2. It has some sort of connection to the plot. (In this case, Randy is releasing one woman from his life while gradually accepting another woman into his life.)
3. The subplot story line does not change the plot line but enhances it.
It's worth considering, however, that a subplot can, and often does, influence the course of the main plot. In our true crime story, for example, because Randy wanted a life with Maria, he made a conscious decision not to try and exact an "eye for an eye" revenge on his killer/neighbor, but to help in the guy's apprehension by the police. Without Maria's indirect influence on his life, Randy might have tried to exact a revenge that would have put him in jail for twenty years.

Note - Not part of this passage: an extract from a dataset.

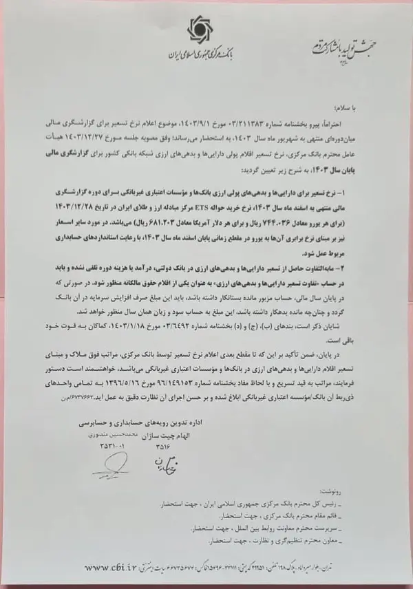 در نامه ای بر اساس جلسه هیئت مدیره بانک ، بانک مرکزی نرخ ارز ارز شبکه بانکی کشور را در پایان سال اعلام کرد. این نامه می گوید:

If, though, we were to think about this narrative in terms of fiction, another important element enters the picture. What if Maria was in cahoots with the killer? Her job was to romance Randy and divert him from achieving his goal of discovering and capturing the killer. At this point, Maria's story stops being a subplot of the main story line, even if she is still enhancing the emotional life of the main character, and her "subplot" becomes an integral part of the main story. Clearly, she has become one link in a chain of events that began with the murder of Randy's wife—and that now makes her part of the plot.
A subplot can be thought of as a sort of adjective that describes and enhances the noun that is the main plot. As a result, it doesn't include when Randy brushed his teeth, bought sauerkraut or turned on CNN. The subplot is not a collection of random events that somehow enhance the emotional life of the main characters; it is a specific path of events that tell a story.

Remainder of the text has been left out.